DUPChecker analyzes data syntax defined using standard serialization libraries and detect incompatibility across versions, which can lead to upgrade failures. It focuses on two widely adopted serialization libraries, Portocol Buffer and Apache Thrift.
Protocols evolve over time. Developers can update any protocol to meet the program’s need. However, certain rules have to be followed to avoid data-syntax incompatibility across versions. Particularly, the manuals of Protocol Buffer and Apache Thrift both state the following rules:
(1). Add/delete required field.
(2). The tag number of a field has been changed.
(3). A required field has been changed to non-required.
(4). Added or deleted an enum with no 0 value.
Violating the first two rules will definitely lead to upgrade failures caused by syntax incompatibility, which will be referred to as ERROR
by DUPChecker; violating the third rule may lead to failures, which will be referred to as WARNING
by DUPChecker, if the new version generates data that does not contain its no-longer-required data member.
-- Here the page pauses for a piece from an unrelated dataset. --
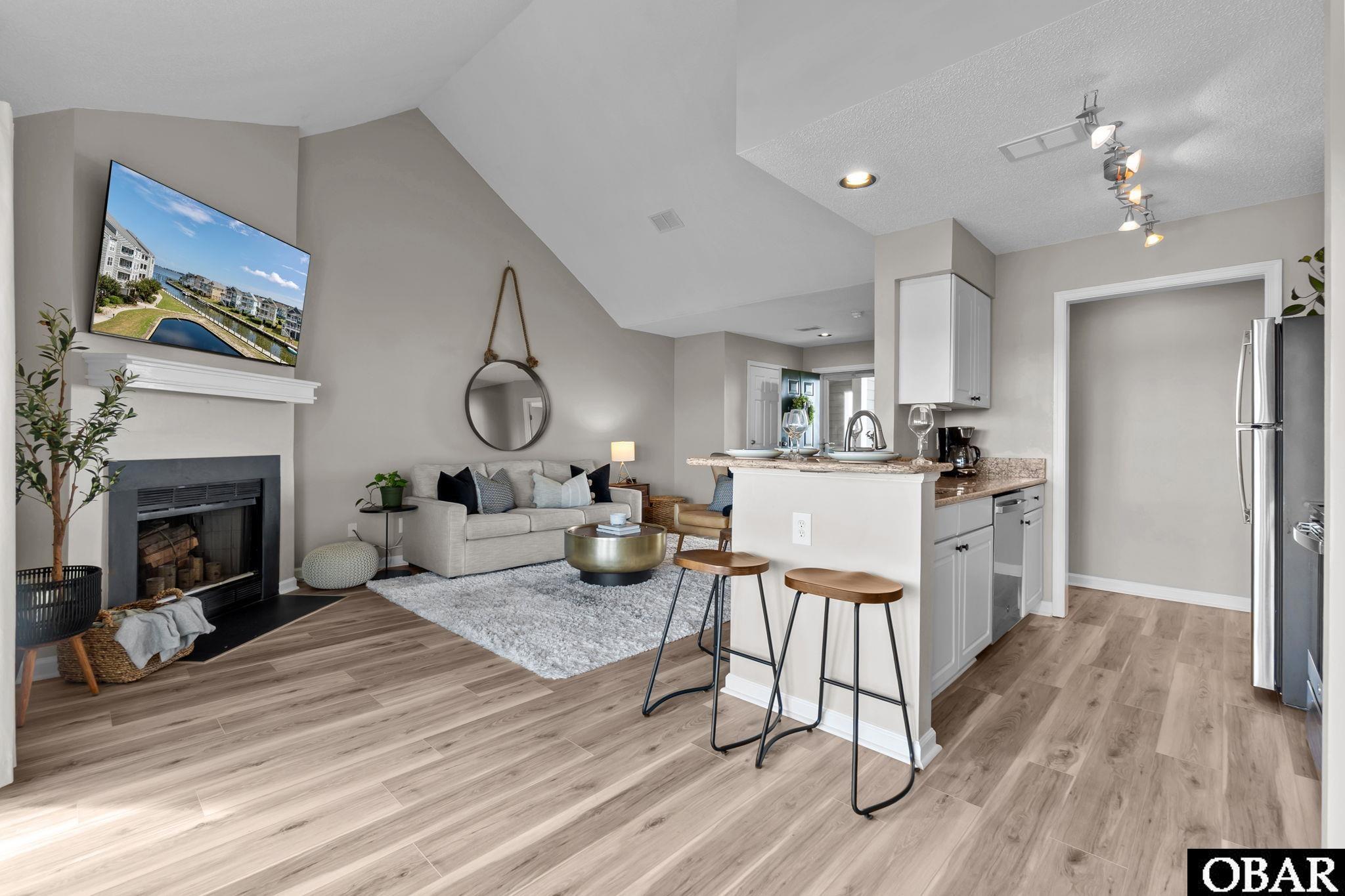 Welcome to 632 Pirates Way — a TURN-KEY RENOVATED CANALFRONT CONDO with RESERVED PARKING and a BOAT SLIP located directly behind the unit. This meticulously maintained home offers everything you’ve been waiting for in a coastal retreat. Expansive double-glass sliding doors and tilt-in windows fill the space with natural light while showcasing stunning SOUND, CANAL & POND views. Step inside to soaring cathedral ceilings, an open floor plan and a bright, welcoming kitchen with an eat-on bar. Relax and entertain on the large deck, where you can enjoy canalfront living at its best with your 25-ft boat slip #44 assigned by the HOA, all while taking in breathtaking direct sound views. Enjoy the convenience of covered RESERVED PARKING, spacious enough for both a vehicle and a golf cart. Inside, you’ll find a generous storage closet, while a second ground-level storage closet is located right next to your reserved parking spot. This immaculate condo is full of thoughtful upgrades: granite countertops in the kitchen and both bathrooms, upgraded stainless appliances from Manteo Furniture and updated flooring throughout. Major improvements include HVAC and water heater replaced in 2019, premium window treatments installed in 2020, windows replaced in 2015, and exterior painting in 2020. SOLD FURNISHED and complete with an attached rental projection, this property is fully turn-key and ready for immediate enjoyment. Experience world-class fishing and water sports just steps away, or take advantage of the many amenities Pirates Cove has to offer.

For other type of changes such as changing field type,
DUPChecker will output INFO
level information.
Prerequiste: In Python3, install javalang, numpy, pyparsing with:
$pip3 install javalang, numpy, pyparsing
Checkout DUPChecker to your local machine.
$git clone https://github.com/jwjwyoung/DUPChecker.git
-
Prepare the application that you would like to check the consistentcy on the same machine, suppose its path is
path_app
. -
Run Script
python3 checker.py --app path_app --filetype --v1 old_version_tag --v2 new_version_tag
e.g. check for proto file:
python3 checker.py --app hbase --proto --v1 rel/2.2.6 --v2 rel/2.3.3
e.g. check for thrift file:
python3 checker.py --app hbase --thrift --v1 rel/2.2.6 --v2 rel/2.3.3
$java -jar EnumChecker.jar > output.log
$grep "============start enum================" -A 5 output.log
-
Checkout the required applications in the DUPChecker/ directory..
(1). hbase
git clone https://github.com/apache/hbase.git
(2). hdfs, yarn
git clone https://github.com/apache/hadoop.git
(3). mesos
git clone https://github.com/apache/mesos.git
(4). hive
git clone https://github.com/apache/hive.git
(5). impala
git clone https://github.com/apache/impala.git
(6). accumulo
git clone https://github.com/apache/accumulo.git
-
Create a log folder
mkdir log
-
Run scripts:
python3 run_experiment.py
The results will be output to files under log folder with application's name as prefix.
-
Generate Table 6 in the paper:
python3 export.py
-
server config: virtualbox ubnutu 18, 4G RAM, 20G disk.
-
time distribution:
1). setup new ubuntu vm - 15~30 min 2)install dependencies and download required git repos - 15 min 3) run experiements - ~60 min.
Pull requests are welcome. For major changes, please open an issue first to discuss what you would like to change.